The default model is /model/2053259?modelVersionId=2477539 I really like this one, great camera prompting. Then there is SVI PRO of course. If you want to use full models with lightning LoRAs, there are loaders in there for them. Disabled by default. Strength for lightning and SVI is set at the top left with all the loaders. Oh, don't forget the T5 encoder that works with wrapper. It's a naughty encoder.
I've got my own preferred resolutions pre-set with a switch and an aspect ratio flipper, you can ditch all this if it irks you. Resize input goes through Contrast Adaptive Sharpening. This is really important. I highly suggest you try it. I guarantee you that half of your generation faceplants are from garbage input. Ask me how I know. CAS won't fix garbage, but what it does fix is the weird blurring you get sometimes from resizing. I've put a comparison node in there so you can slide to the middle and have one hand free to slap your forehead.
Uhh what else is there... oh filenames, check the string nodes and concats, set to your preferred filing, prefix, suffix etc. If you want to save straight to video you can, but I'd advise saving frames. This is default- makes a unique folder (iterated int suffix to avoid saving in a previous folder, the number doesn't mean anything). A video is set to save at the end, but it is tagged at as a preview, with a high crf.
Unfortunately the demands of this setup necessitate the exclusion of an upscale and interpolation stage. You can add it, but it requires a lot of extra offloading and purges that can screw up your next generation. I've offloaded that stage to a different machine. Mac Studio with M2 Ultra actually handles it great, I was surprised. 4x upscale models can freak it out with huge batches, but for the most part it works great. But I digress. Point is, output is raw WAN.
Stages 1, 2, 3 have their own previews, the last preview is concatenated. The 1+2, 1+2+3, etc. previews are there but hidden and minimized in their stage groups. Too many previews.
Is that everything? Ah yes, bottom left prompt box has LoRA loaders next to it (will give you preview thumbs). That's there so you can do your experimental setups without going into the subgraph, play around, get it nailed down, then copy it to an open slot.
Obviously, by now, this is using WRAPPER nodes and LoRA Manager, 13 custom node packs in all. That's not a lot. Get all of them. If an idiot like me has a node, there is no reason at all why a genius like you does not. Sometimes you can get away with substituting core nodes, sometimes you can't. Some people actually know what they are doing. I hope to be one of those people when I grow up.
There are copious notes in the WF. Anything noteworthy has a note.
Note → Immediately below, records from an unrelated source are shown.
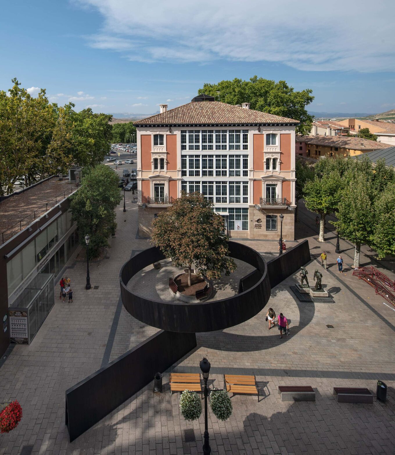Архітектуру малих форм — павільйони, інсталяції — можна використовувати не тільки як самодостатні елементи, але і як сполучну ланку для розрізнених функцій і об’єктів. Наприклад, у рамках вересневого урбан-фестивалю Concéntrico у центрі іспанського міста Логроньйо з’явився оригінальний павільйон від студій sauermartins + Mauricio Méndez. Він розташований на міській площі, «населеній» різноманітними елементами — кілька видів міських меблів, статуї, старе дерево. Новий павільйон упорядковує цей візуальний хаос. Усього дві лінії — діагональ і коло — зв’язують усі розрізнені елементи докупи і створюють цілісний орієнтир, значно змінюючи сприйняття місця. Люди з більшою ймовірністю запам’ятають (внесуть до своїх когнітивних карт) цю площу завдяки павільйону.
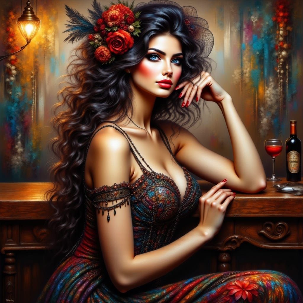 A hyperrealistic image of a woman in a 1920s dress, featuring dark hair, blue eyes, red lips, and long red nails. The splash art style emphasizes intricate details and dramatic lighting.
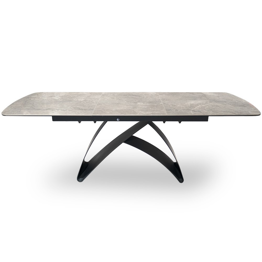 A Bentley kinyitható étkezőasztal a modern design és a praktikus funkcionalitás tökéletes ötvözete. A 6 mm vastag kerámia és üveg kombináció különleges, kőhatású felületet eredményez, míg az egyedi, íves acél lábszerkezet művészi megjelenést kölcsönöz. Az asztal 160 cm-ről 220 cm-re bővíthető, így rugalmasan alkalmazkodik az Ön igényeihez.
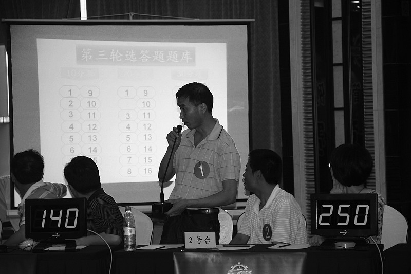 日前,杭州市《农业机械监督管理条例》及监理业务知识竞赛决赛在杭举行,由该市各区(县、市)农机部门组成的8支代表队进行了角逐。经过队员必答、代表队选答、集体抢答三个环节,最终,富阳市农机监理所夺得桂冠。图为富阳代表队成员在现场答题。 本报记者 俞廷尚 摄
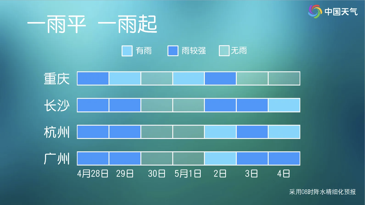 从全国来看,小长假期间南方有频繁降雨和气温波动,北方大部地区总体天气较好,不过东北地区气温波动显著,前后反差较大。有出游计划的朋友,注意关注临近预报预警信息,及时调整行程规划,平安出行。
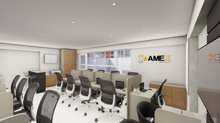 O design de interiores e decoração efetuado na sala comercial do moderno edifício Today`s Office para Amex Imobiliária, com referência de móveis existentes adequando a quase o dobro das estações de trabalho. Os espaços foram pensados para receber pessoal de marketing nas apresentações de novos lançamentos e um terraço anexo que pudesse proporcionar um tempo de relax para os colaboradores.
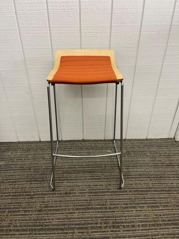 Description Hon armless stacking bar stool, maple laminate seat with orange fabric seat cushion, chrome legs. Dimensions: 15.5" W x 17.5" D, seat height 31".
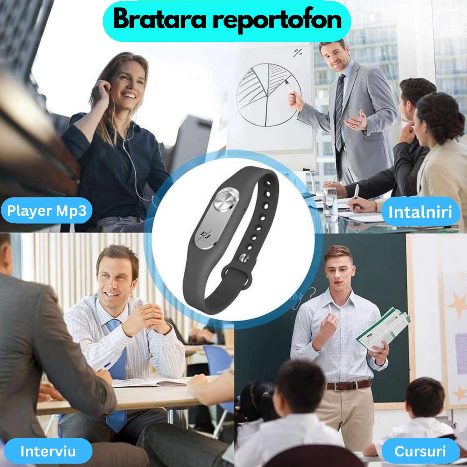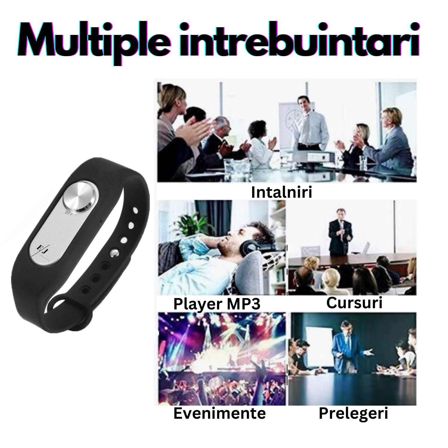 Bratara fitness cu microfon ascuns, MP3 Player, 16GB, neagra - WR06

Please do let me know if you use this and encounter bugs. I love being embarrassed. And it's hard to debug every permutation of every setting, so there are bound to be landmines in here.
Oh did I mention that this workflow is a monster? It will spit out 309 frames. I run comfy on a Cray X-MP with a neural net processor, a learning computer. But it gets so hot when I run this that I can't even sit on the seats. You have been warned: do not sit on the computer - you will get burned.
128GB of RAM will get you through safely. You'll probably have a few percent left over at the end, but unload what you can first. Definitely turn off defender, firewalls, and anti-virus stuff whenever using any of my workflows. They suck RAM like vacuums.
Try VRAM too. You need some of that, but not as much as the RAM. If you are one of those GGUF pussies, I can't help you. Go away.